» **Records for the task**

_ _ _

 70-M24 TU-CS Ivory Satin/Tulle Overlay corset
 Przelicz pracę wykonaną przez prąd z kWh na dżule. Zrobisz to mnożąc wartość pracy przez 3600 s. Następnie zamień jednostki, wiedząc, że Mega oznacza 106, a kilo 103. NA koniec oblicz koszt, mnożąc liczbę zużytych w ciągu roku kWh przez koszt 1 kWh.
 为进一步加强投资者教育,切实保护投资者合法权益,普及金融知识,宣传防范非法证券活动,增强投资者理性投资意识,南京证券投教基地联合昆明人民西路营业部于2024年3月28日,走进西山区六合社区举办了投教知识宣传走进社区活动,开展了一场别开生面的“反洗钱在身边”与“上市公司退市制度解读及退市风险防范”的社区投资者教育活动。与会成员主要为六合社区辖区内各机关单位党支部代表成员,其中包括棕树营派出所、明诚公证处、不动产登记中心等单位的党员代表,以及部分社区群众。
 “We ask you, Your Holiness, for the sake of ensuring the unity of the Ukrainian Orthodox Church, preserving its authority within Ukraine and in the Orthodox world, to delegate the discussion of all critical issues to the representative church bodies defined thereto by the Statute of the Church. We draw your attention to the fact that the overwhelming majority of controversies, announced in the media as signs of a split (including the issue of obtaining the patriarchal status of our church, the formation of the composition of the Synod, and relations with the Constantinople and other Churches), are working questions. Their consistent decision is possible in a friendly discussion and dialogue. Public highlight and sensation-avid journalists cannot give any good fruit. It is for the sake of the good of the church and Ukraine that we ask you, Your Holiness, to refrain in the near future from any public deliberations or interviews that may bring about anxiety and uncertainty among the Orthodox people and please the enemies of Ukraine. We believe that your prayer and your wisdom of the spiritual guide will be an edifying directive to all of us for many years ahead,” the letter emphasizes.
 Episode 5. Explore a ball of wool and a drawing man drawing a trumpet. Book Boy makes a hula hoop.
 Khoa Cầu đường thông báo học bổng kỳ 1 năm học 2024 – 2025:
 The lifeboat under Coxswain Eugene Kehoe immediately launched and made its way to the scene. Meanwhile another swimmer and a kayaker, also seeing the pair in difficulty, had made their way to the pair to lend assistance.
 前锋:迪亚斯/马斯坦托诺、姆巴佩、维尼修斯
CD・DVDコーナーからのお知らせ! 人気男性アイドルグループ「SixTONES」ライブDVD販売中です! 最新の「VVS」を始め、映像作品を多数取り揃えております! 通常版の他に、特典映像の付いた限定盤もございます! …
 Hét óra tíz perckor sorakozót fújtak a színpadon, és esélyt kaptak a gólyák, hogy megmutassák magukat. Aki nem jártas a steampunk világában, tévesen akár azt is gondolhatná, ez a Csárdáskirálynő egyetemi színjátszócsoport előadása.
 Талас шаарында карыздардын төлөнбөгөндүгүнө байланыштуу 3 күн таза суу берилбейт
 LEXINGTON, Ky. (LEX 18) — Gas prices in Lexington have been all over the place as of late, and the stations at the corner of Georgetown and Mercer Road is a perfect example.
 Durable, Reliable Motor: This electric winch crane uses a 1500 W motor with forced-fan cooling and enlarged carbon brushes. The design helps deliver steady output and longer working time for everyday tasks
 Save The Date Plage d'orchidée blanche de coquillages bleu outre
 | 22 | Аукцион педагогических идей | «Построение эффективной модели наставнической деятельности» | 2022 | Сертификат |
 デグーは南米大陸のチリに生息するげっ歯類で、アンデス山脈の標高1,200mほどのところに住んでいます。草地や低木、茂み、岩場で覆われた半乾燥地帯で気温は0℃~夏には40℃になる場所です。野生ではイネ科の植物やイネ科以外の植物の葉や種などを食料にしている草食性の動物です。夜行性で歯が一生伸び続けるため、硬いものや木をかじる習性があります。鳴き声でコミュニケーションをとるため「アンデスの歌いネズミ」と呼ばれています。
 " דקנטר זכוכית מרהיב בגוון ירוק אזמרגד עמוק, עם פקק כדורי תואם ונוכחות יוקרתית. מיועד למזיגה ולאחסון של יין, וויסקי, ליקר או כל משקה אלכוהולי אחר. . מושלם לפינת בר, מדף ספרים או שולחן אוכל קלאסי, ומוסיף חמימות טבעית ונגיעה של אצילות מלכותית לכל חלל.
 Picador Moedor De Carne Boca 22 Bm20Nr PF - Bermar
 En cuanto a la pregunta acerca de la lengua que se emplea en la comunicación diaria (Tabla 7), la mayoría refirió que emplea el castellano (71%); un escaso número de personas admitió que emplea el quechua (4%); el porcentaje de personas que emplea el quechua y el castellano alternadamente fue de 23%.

_ _ _

» **The problem**
A complete, exact transcription of the records is needed.

» **Exercise result**
 70-M24 TU-CS Ivory Satin/Tulle Overlay corset
 Przelicz pracę wykonaną przez prąd z kWh na dżule. Zrobisz to mnożąc wartość pracy przez 3600 s. Następnie zamień jednostki, wiedząc, że Mega oznacza 106, a kilo 103. NA koniec oblicz koszt, mnożąc liczbę zużytych w ciągu roku kWh przez koszt 1 kWh.
 为进一步加强投资者教育,切实保护投资者合法权益,普及金融知识,宣传防范非法证券活动,增强投资者理性投资意识,南京证券投教基地联合昆明人民西路营业部于2024年3月28日,走进西山区六合社区举办了投教知识宣传走进社区活动,开展了一场别开生面的“反洗钱在身边”与“上市公司退市制度解读及退市风险防范”的社区投资者教育活动。与会成员主要为六合社区辖区内各机关单位党支部代表成员,其中包括棕树营派出所、明诚公证处、不动产登记中心等单位的党员代表,以及部分社区群众。
 “We ask you, Your Holiness, for the sake of ensuring the unity of the Ukrainian Orthodox Church, preserving its authority within Ukraine and in the Orthodox world, to delegate the discussion of all critical issues to the representative church bodies defined thereto by the Statute of the Church. We draw your attention to the fact that the overwhelming majority of controversies, announced in the media as signs of a split (including the issue of obtaining the patriarchal status of our church, the formation of the composition of the Synod, and relations with the Constantinople and other Churches), are working questions. Their consistent decision is possible in a friendly discussion and dialogue. Public highlight and sensation-avid journalists cannot give any good fruit. It is for the sake of the good of the church and Ukraine that we ask you, Your Holiness, to refrain in the near future from any public deliberations or interviews that may bring about anxiety and uncertainty among the Orthodox people and please the enemies of Ukraine. We believe that your prayer and your wisdom of the spiritual guide will be an edifying directive to all of us for many years ahead,” the letter emphasizes.
 Episode 5. Explore a ball of wool and a drawing man drawing a trumpet. Book Boy makes a hula hoop.
 Khoa Cầu đường thông báo học bổng kỳ 1 năm học 2024 – 2025:
 The lifeboat under Coxswain Eugene Kehoe immediately launched and made its way to the scene. Meanwhile another swimmer and a kayaker, also seeing the pair in difficulty, had made their way to the pair to lend assistance.
 前锋:迪亚斯/马斯坦托诺、姆巴佩、维尼修斯
CD・DVDコーナーからのお知らせ! 人気男性アイドルグループ「SixTONES」ライブDVD販売中です! 最新の「VVS」を始め、映像作品を多数取り揃えております! 通常版の他に、特典映像の付いた限定盤もございます! …
 Hét óra tíz perckor sorakozót fújtak a színpadon, és esélyt kaptak a gólyák, hogy megmutassák magukat. Aki nem jártas a steampunk világában, tévesen akár azt is gondolhatná, ez a Csárdáskirálynő egyetemi színjátszócsoport előadása.
 Талас шаарында карыздардын төлөнбөгөндүгүнө байланыштуу 3 күн таза суу берилбейт
 LEXINGTON, Ky. (LEX 18) — Gas prices in Lexington have been all over the place as of late, and the stations at the corner of Georgetown and Mercer Road is a perfect example.
 Durable, Reliable Motor: This electric winch crane uses a 1500 W motor with forced-fan cooling and enlarged carbon brushes. The design helps deliver steady output and longer working time for everyday tasks
 Save The Date Plage d'orchidée blanche de coquillages bleu outre
 | 22 | Аукцион педагогических идей | «Построение эффективной модели наставнической деятельности» | 2022 | Сертификат |
 デグーは南米大陸のチリに生息するげっ歯類で、アンデス山脈の標高1,200mほどのところに住んでいます。草地や低木、茂み、岩場で覆われた半乾燥地帯で気温は0℃~夏には40℃になる場所です。野生ではイネ科の植物やイネ科以外の植物の葉や種などを食料にしている草食性の動物です。夜行性で歯が一生伸び続けるため、硬いものや木をかじる習性があります。鳴き声でコミュニケーションをとるため「アンデスの歌いネズミ」と呼ばれています。
 " דקנטר זכוכית מרהיב בגוון ירוק אזמרגד עמוק, עם פקק כדורי תואם ונוכחות יוקרתית. מיועד למזיגה ולאחסון של יין, וויסקי, ליקר או כל משקה אלכוהולי אחר. . מושלם לפינת בר, מדף ספרים או שולחן אוכל קלאסי, ומוסיף חמימות טבעית ונגיעה של אצילות מלכותית לכל חלל.
 Picador Moedor De Carne Boca 22 Bm20Nr PF - Bermar
 En cuanto a la pregunta acerca de la lengua que se emplea en la comunicación diaria (Tabla 7), la mayoría refirió que emplea el castellano (71%); un escaso número de personas admitió que emplea el quechua (4%); el porcentaje de personas que emplea el quechua y el castellano alternadamente fue de 23%.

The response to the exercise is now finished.